Oui, entrez, entrez, dans le « Blog » de « l’Incroyable Ignoble Infreequentable » !
Vous y découvrirez un univers parfaitement irréel, décrit par petites touches quotidiennes d’un nouvel art : le « pointillisme littéraire » sur Internet. Certes, pour être « I-Cube », il écrit dans un style vague, maîtrisant mal l’orthographe et les règles grammaticales. Son vocabulaire y est pauvre et ses pointes « d’esprit » parfaitement quelconques. Ses « convictions » y sont tout autant approximatives, changeantes… et sans intérêt : Il ne concoure à aucun prix littéraire, aucun éloge, aucune reconnaissance !
Soyez sûr que le monde qu’il évoque au fil des jours n’est que purement imaginaire. Les noms de lieu ou de bipède et autres « sobriquets éventuels » ne désignent absolument personne en particulier.
Toute ressemblance avec des personnages, des lieux, des actions, des situations ayant existé ou existant par ailleurs dans la voie lactée (et autres galaxies) y est donc purement et totalement fortuite !    
En guise d’avertissement à tous « les mauvais esprits » et autres grincheux, on peut affirmer, sans pouvoir se tromper aucunement, que tout rapprochement des personnages qui sont dépeints dans ce « blog », avec tel ou tel personnage réel ou ayant existé sur la planète « Terre », par exemple, ne peut qu’être hasardeux et ne saurait que dénoncer et démontrer la véritable intention de nuire de l’auteur de ce rapprochement ou mise en parallèle !
Ces « grincheux » là seront SEULS à en assumer l’éventuelle responsabilité devant leurs contemporains…
21 août 2014 4 21 /08 /août /2014 05:05

Avertissement : Ceci est un roman, une fiction, une « pure construction intellectuelle », sortie tout droit de l’imaginaire de son auteur. Toute ressemblance avec des personnages, des lieux, des actions, des situations ayant existé ou existant par ailleurs dans la voie lactée (et autres galaxies), y compris sur la planète Terre, y est purement, totalement et parfaitement fortuite !

 

Londres

 

Plus tard, Pisuerga Anjo reprendra contact avec Paul, pour le prier de l’excuser pour ses propos déplacés de ce midi-là.

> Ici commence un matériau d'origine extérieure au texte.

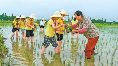 圖為學(xué)生們在體驗插秧。王棟棟攝

« Je ne sais pas ce qui m’a pris. Peut-être un réflexe conditionné de banquier quand il voit autant de billets se déplacer sous son nez : il faudra que je me méfie ! »

C’est oublié : il ne s’est rien passé de maladroit.

Seulement si madame ne se sent plus offensée. Humiliée aurait été le mot idoine, mais Paul n’a pas osé.

« Elle est restée à Rome reprendre son service au SIV, ce soir-là. Notez que ma dernière proposition reste valable, pour vous être agréable et vous rendre service. »

Il avait dû refaire ses calculs…

« Je vais y réfléchir. Merci pour tout Monsieur le Président. Un excellent déjeuner et en très bonne compagnie, finalement. »

En fait, Paul part à ce moment-là pour être reçu par le Reine. Et il comptait bien proposer un marché similaire à Lady Joan, si par hasard il la croisait.

 

Depuis peu, Paul loue à l’année un hydravion Cesna basé sur l’aéroport de Deauville pour ses nombreux déplacements, tant en Europe que jusque sur les rives des émirats arabes-unis, afin de passer inaperçu et d’éviter les sempiternelles épisodes d’hommages des équipages civils des compagnies commerciales…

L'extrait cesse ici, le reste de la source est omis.